My husbands side of the family are very much body shamers, especially my late FIL. my daughter got quite overweight just after he dies and I was releived he had died otherwise he would have been making nasty comments and it would have caused a huge fall out. My daughter now has lost loads of weight but its because she has an eating disorder which im getting her help for, however my stepsons and Mil all thing she has done really well losing weight, even when I tell them its because she's got an eating disorder. They seem to think being anorexic is better than a bit chubby

Campingisnexttogodliness · 09/08/2025 13:15

I weighed 6 stone once during a divorce from starving myself as a way of control. Learned behaviour from my dm. She used to make me measure my thighs and mock me if I was bigger than her...
Every bad relationship she had - and there were many - saw her not eating for long periods of time.
Been nc for best part of my adult life.
Now a happy size 12
..she'd be horrified

Couldn't give a fuck.. .

Mewling · 09/08/2025 13:28

Lunalara · 09/08/2025 13:07

I have talked to her since this morning. She is using my insecurity about my boyfriend not committing to say things like he would leave me if I put weight on. I don’t know how I should take that. My life is a massive mess isn’t it 😓 I feel like I should be more grateful as I am not struggling in Gaza or don’t have cancer, but objectively it’s not going well…

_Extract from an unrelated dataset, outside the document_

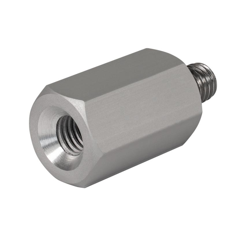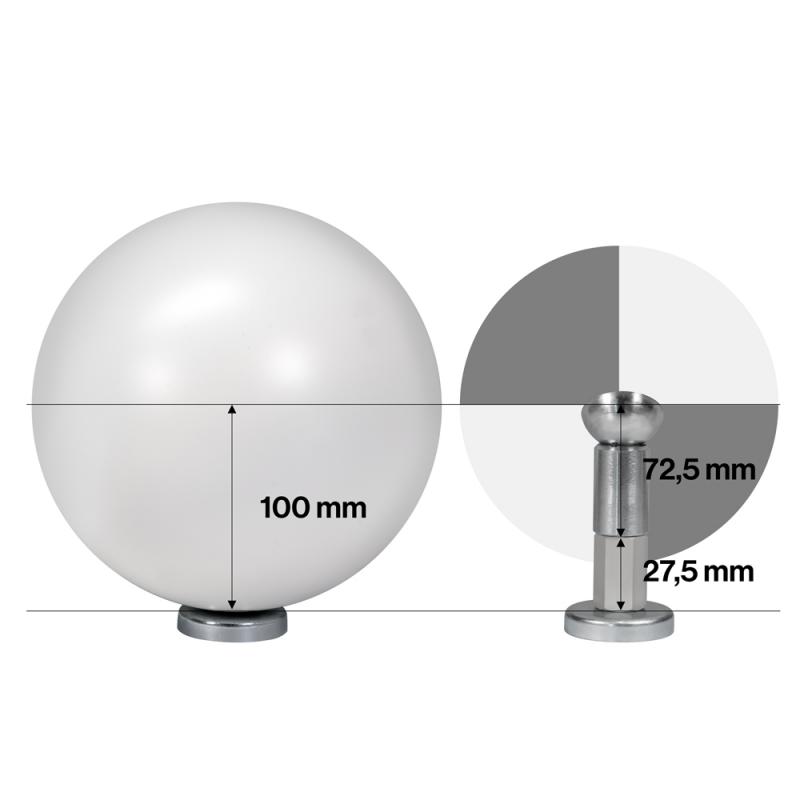 Aluminum height adapter for aligning round checkerboard targets (4.5"/6") with reference spheres (Ø145 mm). Ensures identical center height. Thread: M8 male (10 mm) + M8 female. Adapter length without thread: 27.5 mm. Made in Germany.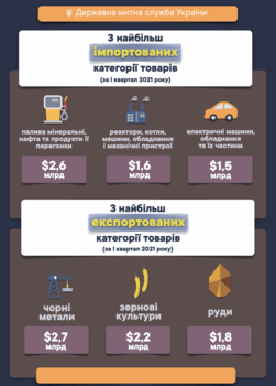 Так, в I кв. 2021 Украина импортировала товаров на 15,1 млрд. долларов, что на 12% или 1,6 млрд. долларов больше, нежели в 2020 году.

My mother used to do stuff like this. She made me so incredibly insecure about myself that I began to view myself through her disordered, dysfunctional lens. The last straw was when she made shitty, personal comments to me about my weight, my finances, and a new relationships that I was, in following a bereavement I’d suffered. I stopped talking to her and haven’t spoken to her now for 2 years. My confidence has come on in leaps and bounds.

I say this gently, OP: work on moving out in the first instance, and then work on slowly extricating this toxicity from your life. She may even be trying to make you feel insecure about your relationship as she fears you leaving her.